• **YOUR ASSIGNMENT**:
Beginning with the line below that contains "OneTool 是一款多用途云任务操作程序,可以帮助用户快速完成各种任务。例如网易云音乐每日签到、每日云贝、打卡 300" and ending with the line that contains "4月26日上午,德赢AC米兰", retype every line exactly. Pictures are not copied.

• **RECORD SET**:
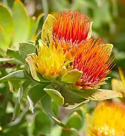 The cup-shaped flower heads are each 2½–4 cm (1.0–1.6 in) in diameter, almost without a peduncle, with two to five crowded at the end of the branches, occasionally on its own. The floral base is flat and 12 mm (0.47 in) in diameter. It is covered below by felty to hairless, papery, egg-shaped, long pointed, overlapping involucral bracts of 9–36 mm (0.35–1.42 in) long and 5–7 mm (0.20–0.28 in) wide, sometimes with a tuft of long hairs at its tip. The papery bracts at the base of the individual flowers are very narrowly lance-shaped, 1–3 cm (0.39–1.18 in) long, wooly near the base and softly hairy towards the tip. The individual flower bud is a straight tube of about 2 cm (0.79 in) long, slightly transparent, initially whitish-transparent to pale yellowish green, yellow when opening, quickly becoming orange and turning bright crimson with age. When the flower opens, a cylindrical, hairless tube of 8 mm (0.31 in) remains that widens towards the top, and four thread-shaped lobes that are strongly curled on itself. The styles are initially strongly arched like a swan's neck, but straighten and grow quickly to a thread of 2½–3 cm (1–1¼ in) long, at first pale yellow but turning crimson when fully developed. The pollen-presenter, a slight thickening at the tip of the style (comparable with the "head" of the pin), is cylindrical, thread-like, only at its base slightly thicker than the style, 1 mm (0.039 in) long, the stigma a groove across the tip of the pollen-presenter. At the base of the ovary are for blunt thread-like opaque scales of about 2 mm (0.079 in) long.[2] The fruit is ellipsoid in shape, 7½ mm (0.3 in) long, the surface thinly covered with a fine powder.[5] The species flowers between August and January, peaking in September and October. Initially the flowers are bright yellow, but soon turn orange to end in a brilliant crimson, and they may remain vibrant for almost two months.[3]
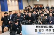(누리일보) 전북특별자치도가 공무 수행 중 적립된 공적 항공마일리지를 활용해 도내 복지시설에 생활필수품을 기부하는 ‘공적 마일리지 나눔’을 꾸준히 이어가고 있다. 도는 12일 설 명절을 앞두고 전북장애인복지관을 방문해 공적 항공마일리지를 활용해 마련한 생활필수품을 전달하고, 복지관 종사자와 이용 장애인들을 격려했다. 이날 나눔식에는 김관영 도지사를 비롯해 복지관 관계자와 이용자들이 함께해 따뜻한 분위기 속에서 전달식이 진행됐다. 이번 기부는 공무 수행 과정에서 적립된 항공마일리지 중 유효기간 만료로 소멸될 예정인 마일리지를 공익 목적으로 활용한 사례다. 2025년 말 소멸 예정 마일리지 보유자와 자발적으로 참여한 공무원 등 40여 명이 동참해 총 486,250마일리지가 사용됐다. 기부 물품은 항공사 마일리지몰을 통해 직접 구매했으며, 화장지, 라면, 치약·칫솔, 샴푸류, 물티슈 등 생활필수품 15종 121세트로 구성됐다. 복지시설 이용자들의 일상에 실질적인 도움이 되는 품목 위주로 마련됐다. 공적 항공마일리지 기부는 '공무원 보수 등의 업무지침'에 따른 공무원여비업무 처리기준에 근거해,
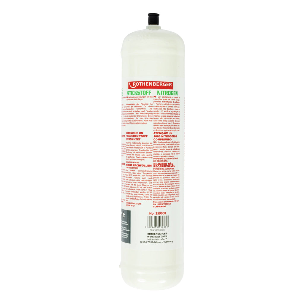 Bombola di azoto Rothenberger 950 cm³ 110 bar, bombola di azoto ideale per applicazioni su impianti di condizionamento, refrigerazione e su pompe di calore. Per la ricerca di perdite e il flussaggio nella fase di saldatura.
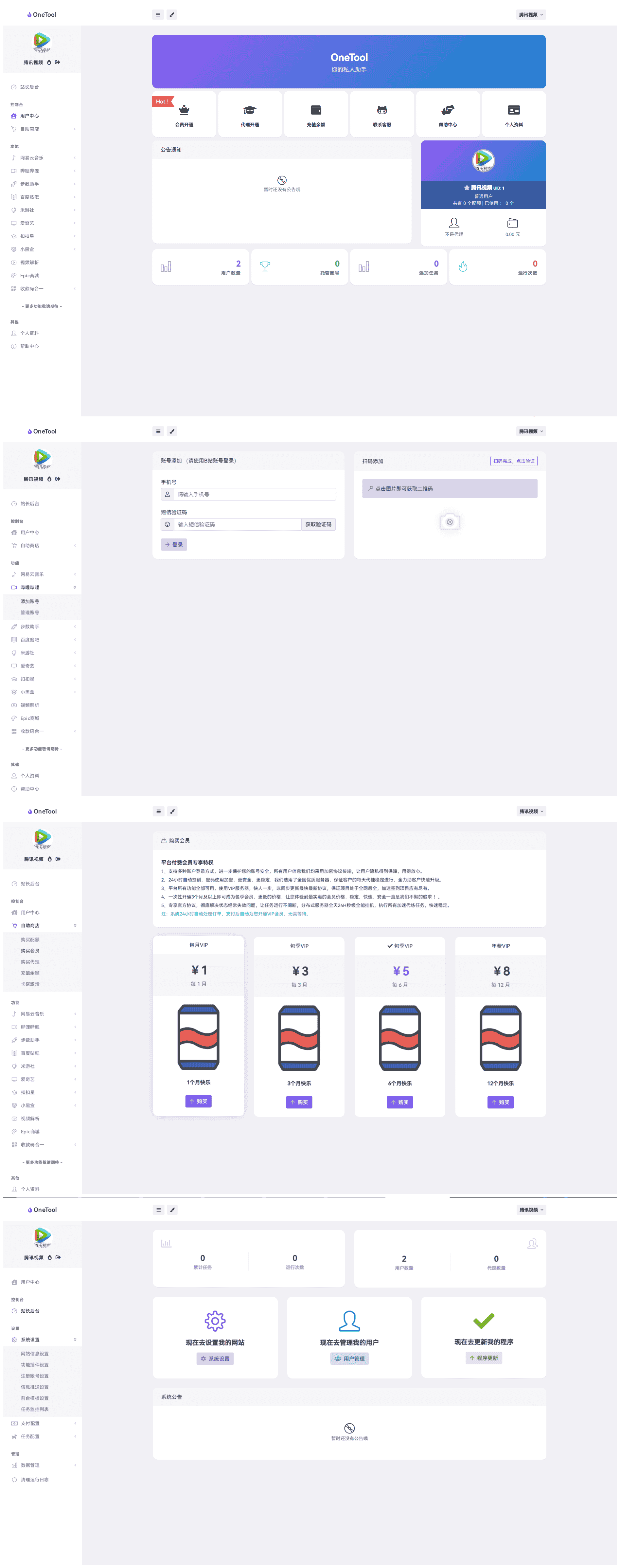 OneTool 是一款多用途云任务操作程序,可以帮助用户快速完成各种任务。例如网易云音乐每日签到、每日云贝、打卡 300 首歌曲、音乐人每日任务等;WX 运动健身记步范围设定, QQ 空间秒赞秒评;哔哩哔哩视频短片每日签到、每日在线观看、投币机、动漫作品每日签到、分享视频、天选抽奖活动;百度贴吧签到;爱奇艺 VIP 每日任务、每日抽奖活动、二端每日签到等等,都可以通过 OneTool 进行快速操作。
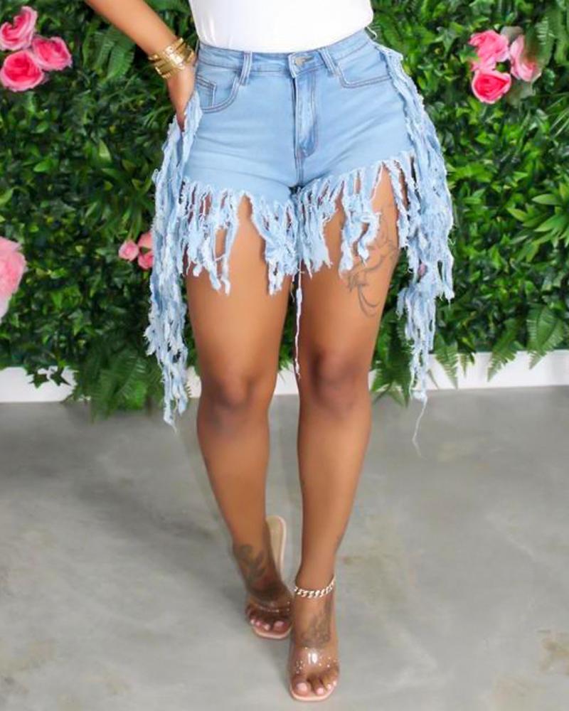 Tassel Design Cutout Fringe Hem Denim Shorts
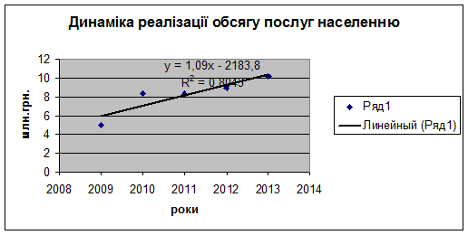 динаміки реалізації виробничих послуг населенню за 2009 - 2013 рр. визначте: 1)
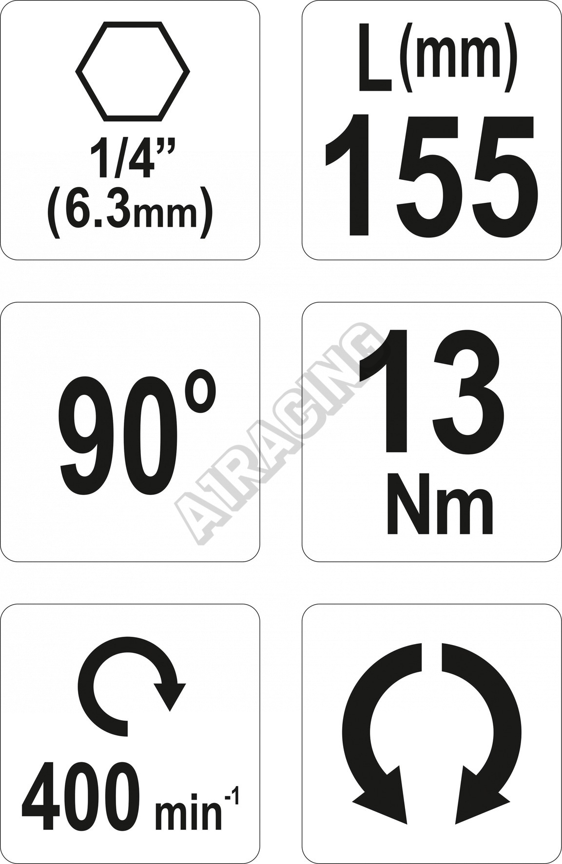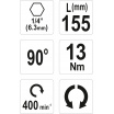 Adaptér má délku 155 mm s úhlem náklonu 90° a je vyroben z uhlíkové oceli s plastovým opláštěním. Zařízení je konstrouvané pro maximální točivý moment 13Nm a max. otáčky 400/min.
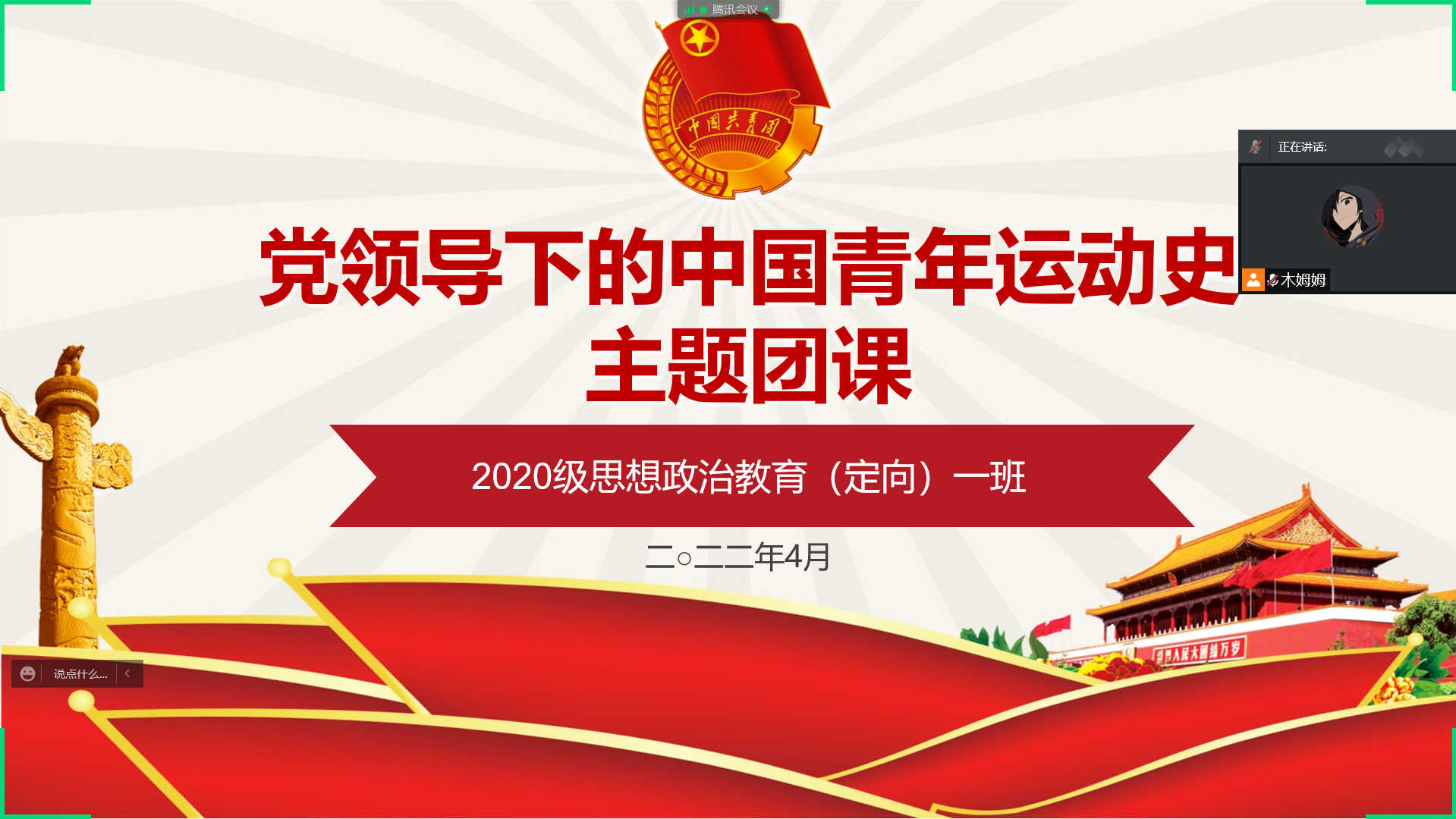 4月26日上午,德赢AC米兰官网2020级思想政治教育定向一班通过腾讯会议的形式召开了党领导下的中国青年运动史主题团课。2020级思想政治教育定向一班全体同学共同参加本次会议。
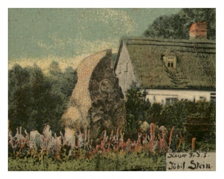 Na pohlednici, která byla odeslána 17.07.1914 jako pozdrav z Dolní Řasnice, je k vidění tamní pamětní kámen. Na kameni lze rozeznat reliéf a na pohlednici je nápis: "Jubilejní kámen pro Františka Josefa I. Potkal ho ale osud téměř všech pomníků císaře. Byl předělán pro jiného oslavence. Asi je to lepší než úplné zničení.
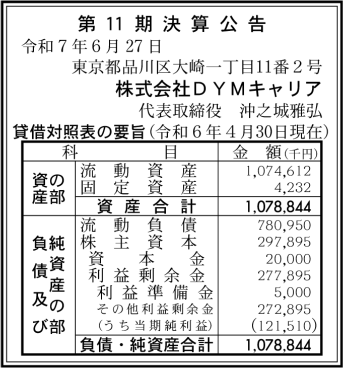 株式会社DYM 東京都品川区 【2025年4月期】 |
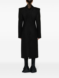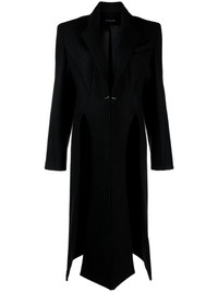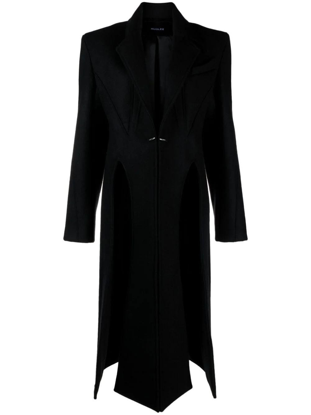 single-breasted wool coat Showing Mugler's innovative design, this single-breasted coat is enhanced with two front deep slits. Crafted from a wool blend, in black, it has a timeless design secured with a front hook fastening. Highlights - Black - Wool blend - Cut-out detailing - Notched lapels - Hook fastening - Long sleeves - Asymmetric hem Imported Composition Outer: Wool 80%, Polyamide 20% Lining: Cupro 100% SIZE & FIT Model measurements Height 5 ft 9 in(1.76 m) Bust/Chest 33.07 in(84 cm) Hips 34.64 in(88 cm) Waist 25.59 in(65 cm) Measurement CHEST 35.43 in(90 cm) SLEEVE LENGTH 27.55 in(70 cm) HIPS 40.94 in(104 cm) LENGTH 50.39 in(128 cm) WAIST 30.7 in(78 cm) FittingInformation Designed for a slim fit that sits just away from the body offering a close yet comfortable fit The internal shoulder pads offer a structured shape Made from a heavyweight non-stretch fabric This piece fits true to size – take your usual size Washing instructions Dry Clean Only

• **YOUR RESPONSE**:
 OneTool 是一款多用途云任务操作程序,可以帮助用户快速完成各种任务。例如网易云音乐每日签到、每日云贝、打卡 300 首歌曲、音乐人每日任务等;WX 运动健身记步范围设定, QQ 空间秒赞秒评;哔哩哔哩视频短片每日签到、每日在线观看、投币机、动漫作品每日签到、分享视频、天选抽奖活动;百度贴吧签到;爱奇艺 VIP 每日任务、每日抽奖活动、二端每日签到等等,都可以通过 OneTool 进行快速操作。
 Tassel Design Cutout Fringe Hem Denim Shorts
 динаміки реалізації виробничих послуг населенню за 2009 - 2013 рр. визначте: 1)
 Adaptér má délku 155 mm s úhlem náklonu 90° a je vyroben z uhlíkové oceli s plastovým opláštěním. Zařízení je konstrouvané pro maximální točivý moment 13Nm a max. otáčky 400/min.
 4月26日上午,德赢AC米兰官网2020级思想政治教育定向一班通过腾讯会议的形式召开了党领导下的中国青年运动史主题团课。2020级思想政治教育定向一班全体同学共同参加本次会议。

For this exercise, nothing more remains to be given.